Dr. Kumar: I see allergic reactions every week and anaphylaxis approximately every 2 months.

GC: What is the protocol when you treat someone with an anaphylactic reaction?

Dr. Kumar: When someone has anaphylaxis, whether it be an adult or child, we establish intravenous access like an IV.  They are then connected to cardiac and respiratory monitors in the ER and given medications to help reverse the immune system process.

GC: What medications do you administer to people who have anaphylactic reactions?

Dr. Kumar: They are given a steroid, an antihistamine such as Benadryl, Pepcid, and also epinephrine if needed.

GC: What are common signs or symptoms you see in a person who has anaphylaxis and comes to the ER?

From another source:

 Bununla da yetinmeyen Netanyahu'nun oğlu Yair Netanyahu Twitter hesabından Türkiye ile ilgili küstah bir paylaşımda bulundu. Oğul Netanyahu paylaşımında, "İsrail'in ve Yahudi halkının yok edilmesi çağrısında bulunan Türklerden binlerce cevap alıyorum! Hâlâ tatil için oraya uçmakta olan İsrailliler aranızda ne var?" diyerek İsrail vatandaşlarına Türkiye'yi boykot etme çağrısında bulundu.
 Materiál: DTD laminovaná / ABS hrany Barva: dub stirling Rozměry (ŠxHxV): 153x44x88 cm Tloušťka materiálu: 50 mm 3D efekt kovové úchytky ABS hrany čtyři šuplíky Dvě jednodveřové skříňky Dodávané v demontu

Dr. Kumar: Signs and symptoms associated with typical anaphylaxis include dermatological changes, such as hives, skin swelling, or flushing. Also, patients may have respiratory symptoms, which include shortness of breath, sensation of closure of throat, wheezing, stridor, and increased respiratory rate. It is important to note that the definition of anaphylaxis includes the involvement of any two organ systems. So frequently this is manifested as a skin change, as I mentioned earlier, and also respiratory symptoms. But less often it can include two other organ systems, like skin and gastrointestinal systems. Gastrointestinal symptoms consist of nausea, vomiting, and abdominal pain. If the anaphylaxis is severe enough that it causes cardiovascular compromise, a drop in blood pressure can lead to lethargy, dizziness, and decreased mentation.

GC: Do you have any recommendations for a patient that comes in with anaphylaxis?

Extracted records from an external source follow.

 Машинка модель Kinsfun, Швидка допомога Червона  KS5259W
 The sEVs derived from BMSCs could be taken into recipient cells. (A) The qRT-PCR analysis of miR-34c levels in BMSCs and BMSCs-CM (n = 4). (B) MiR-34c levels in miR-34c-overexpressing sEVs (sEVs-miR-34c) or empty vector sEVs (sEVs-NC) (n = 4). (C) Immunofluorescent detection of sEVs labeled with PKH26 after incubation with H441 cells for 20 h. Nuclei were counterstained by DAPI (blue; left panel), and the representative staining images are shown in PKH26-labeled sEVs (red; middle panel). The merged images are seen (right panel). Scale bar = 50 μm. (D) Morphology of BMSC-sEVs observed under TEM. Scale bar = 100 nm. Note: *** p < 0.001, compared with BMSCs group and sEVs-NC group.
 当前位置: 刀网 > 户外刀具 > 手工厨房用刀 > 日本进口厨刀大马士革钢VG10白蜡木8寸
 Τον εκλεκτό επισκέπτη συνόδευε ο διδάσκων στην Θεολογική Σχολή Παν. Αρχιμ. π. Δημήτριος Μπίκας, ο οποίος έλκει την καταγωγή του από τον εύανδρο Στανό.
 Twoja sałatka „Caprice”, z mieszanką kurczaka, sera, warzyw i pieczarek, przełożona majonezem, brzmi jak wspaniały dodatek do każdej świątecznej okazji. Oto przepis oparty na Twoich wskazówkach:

Dr. Kumar: For anyone who comes to the emergency room with an allergic reaction or anaphylaxis, it may feel overwhelming. The symptoms of the allergic reaction can be quite uncomfortable and scary.  In addition, there is typically a flurry of activity and numerous people in the patient’s room, including a physician, one or more nurses, as well as emergency technicians.  Multiple things can be going on simultaneously, such as the patient being attached to cardiac and respiratory monitors, IV lines being established, and medications being administered.  You get a lot of questions from the physician as well. This whole process can be intimidating, and for someone who has not been to the emergency department, it is important to remain as calm as possible and remember that the medical personnel are there to help the patients feel better.

GC: What is your advice to a kid with food allergies?

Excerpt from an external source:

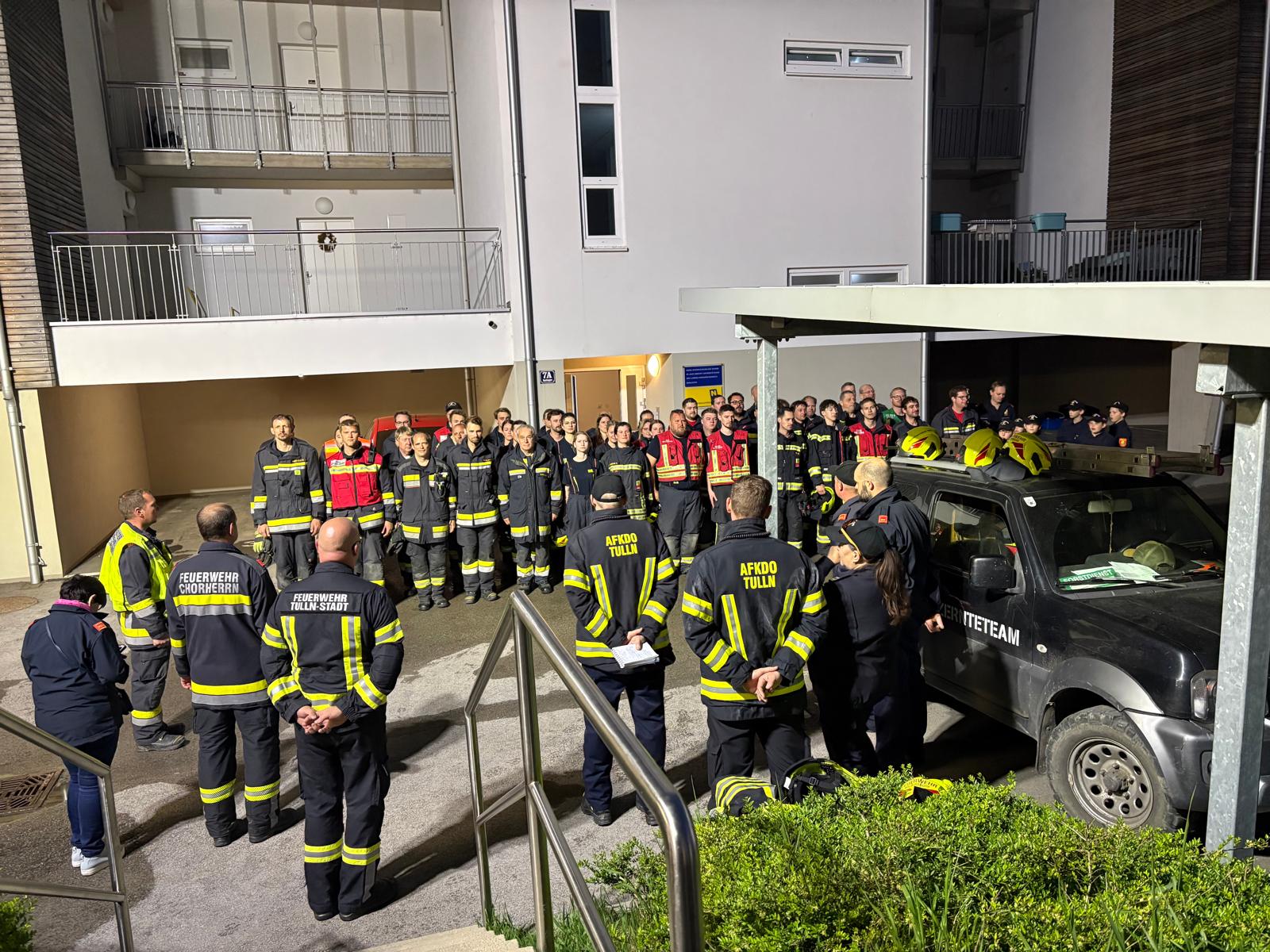 Mehrere Atemschutztrupps gingen umgehend zur Personen- und Brandsuche ins Gebäude vor und konnten rasch erste Personen retten. Die Feuerwehr Stadt Tulln unterstützte die Rettungsmaßnahmen mit der Drehleiter und brachte Personen sicher vom Dach in Sicherheit.

Dr. Kumar: My advice would be to stress the importance of always carrying your EpiPen, especially for someone who has had a severe allergic reaction or anaphylaxis in the past. In addition to being an ER doctor, I am also the father of two kids with food allergies.  I understand some of the fear and frustration that individuals with food allergies have. I would say, “Take your food allergies seriously but don’t let them limit you. Keep your head up and enjoy every day to its fullest.”

Some key takeaways from this interview would be to always keep your EpiPen with you. As a food allergy patient, I can tell you firsthand that experiencing a reaction is not a pleasant moment. If you ever find yourself in the emergency room as a result of an allergic reaction, remember what Dr. Kumar said, remain calm and give the doctor as much information as possible.